Cassandra optimization logic is currently based on hard coded heuristic optimizations which use assumptions instead of looking at the resource cost of the queries. One of those assumptions is that filtering should always be avoided if possible. Unfortunately, based on data distribution, that assumption can be wrong and lead to a less efficient execution path.  

Moreover, the current optimization logic is difficult to understand and follow as it is spread around the code base, making the addition of more advanced functions like joins or subqueries much harder than it should be.

Cassandra also does not provide insight on how it plans to execute a query or statistics on the query execution. Both of them are important for query optimization and troubleshooting.

Pre-requisites

  • Simplify the CQL layer to make it more robust to changes
  • Address some of the inconsistencies of the CQL language to make it more user-friendly

Goals

  • Introduce a Cascades(2) query optimizer with rules easily extendable 
  • Improve query performance for most common queries
  • Add support for EXPLAIN and EXPLAIN ANALYZE to help with query optimization and troubleshooting
  • Lay the groundwork for the addition of features like joins, subqueries, OR/NOT and index ordering
  • Put in place some performance benchmarks to validate query optimizations

Figure 1 below shows at a high level the new architecture proposed by this CEP for the CQL layer. 

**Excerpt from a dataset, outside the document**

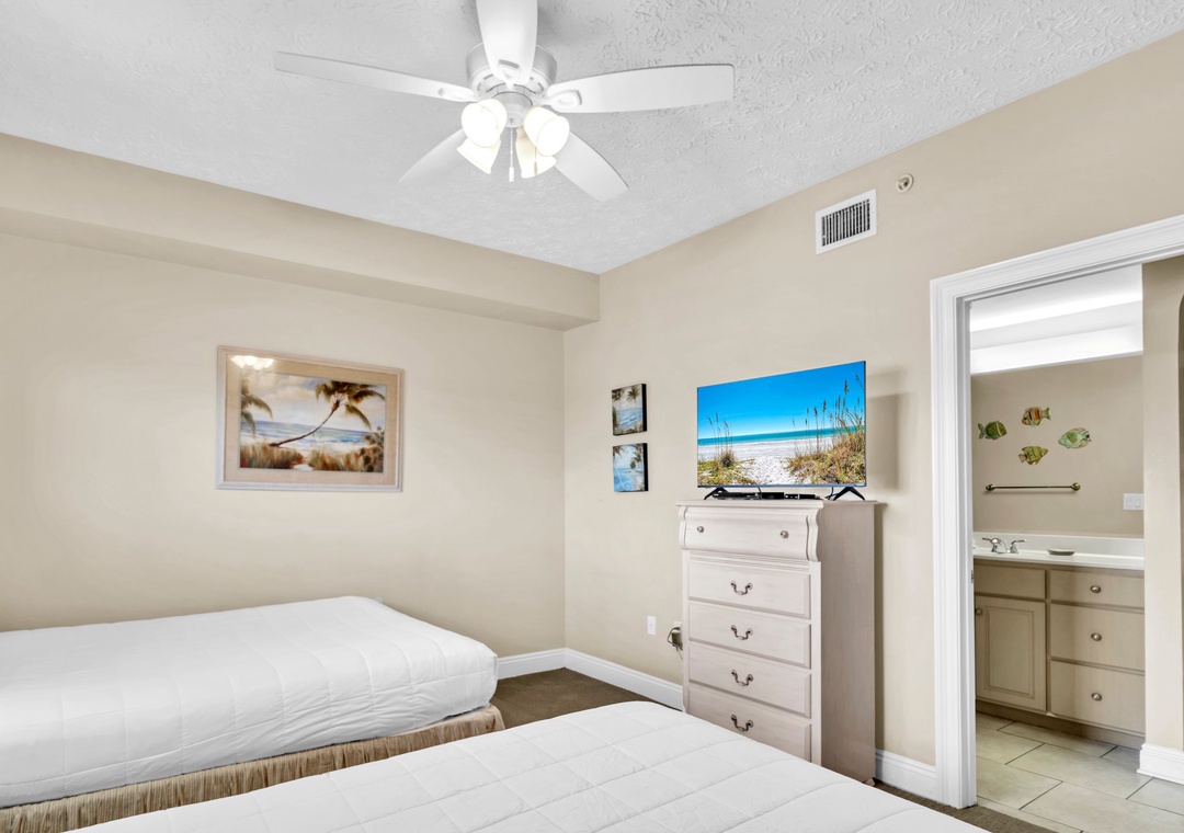 Check in was seamless. Unit was clean and stocked with the basics. Plenty of room for gathering. Each bedroom has a private bath. Great location for shopping, activities, restaurants, and, of course, enjoying the beach! This unit has a portable dehumidifier, which makes a world of difference in temp regulation inside the unit. Loved our stay. Hated to have to go, but we’ll definitely look for this unit’s availability the next time we visit Panama City!- Reviewed On: 8/16/2022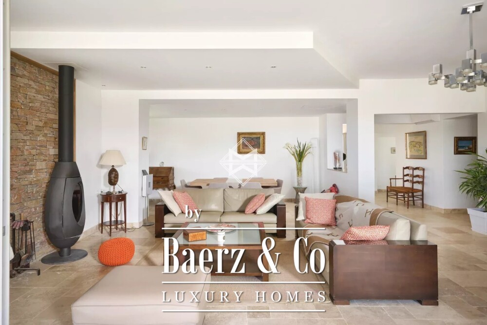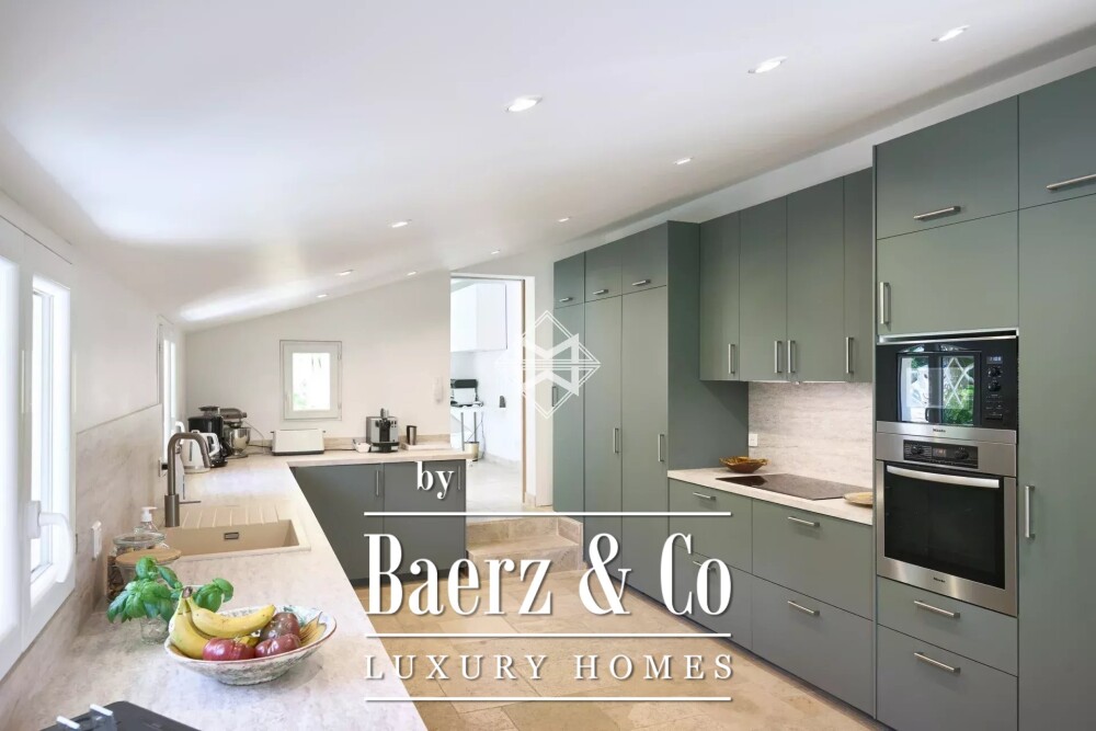 На уровне сада жилое пространство расширяется за счет еще одной гостиной, спальни с санузлом, прачечной и гибкой многозадачной зоны. Южная ориентация наполняет помещения солнцем на участке площадью более 2.300 м² с ухоженным ландшафтом. Отапливаемый бассейн размером 11 x 4 метра и пулхаус расположены в тени взрослых растений; на участке обустроено поле для петанка, создающее атмосферу умиротворённой Прованса. Вид на море и холмы формирует уникальный фон для повседневной жизни.

Fig 1: New architecture proposed by this CEP

Non-goals

  • Trying to optimize any possible query. The expectation is that work on query optimizations will continue after this CEP is completed.
  • Providing support for new functionalities like join and sub-queries. One of the goals of this CEP is to provide the foundation for those features at the optimizer level but not to implement them.

Proposed Changes

Removing unnecessary CQL query limitations and inconsistencies

CQL has many query limitations and inconsistencies. At the code level those inconsistencies make the code harder to change than it should be whereas at the CQL level they result in a confusing syntax and behavior.

Some examples are:

  1. Some operators can be used on specific use cases, but not all. For example != is supported in LWT conditions but not in a WHERE clause.
  2. A difference in behavior based on operator types: Some operators can be combined together, like CONTAINS and CONTAINS KEY.
  3. Inconsistencies in bind marker support. Bind markers are supported in Tuples or UDTs but not in collections.
  4. You can define aliases, but they cannot be used in other clauses (e.g., GROUP BY).

An important prerequisite for the optimizer integration is to remove those limitations and inconsistencies for facilitating the migration to some relational algebra.

Moving CQL layers structures to relational algebra

Relational algebra offers a standardized way to represent queries that help eliminate ambiguities inherent in a natural language-based query language like CQL.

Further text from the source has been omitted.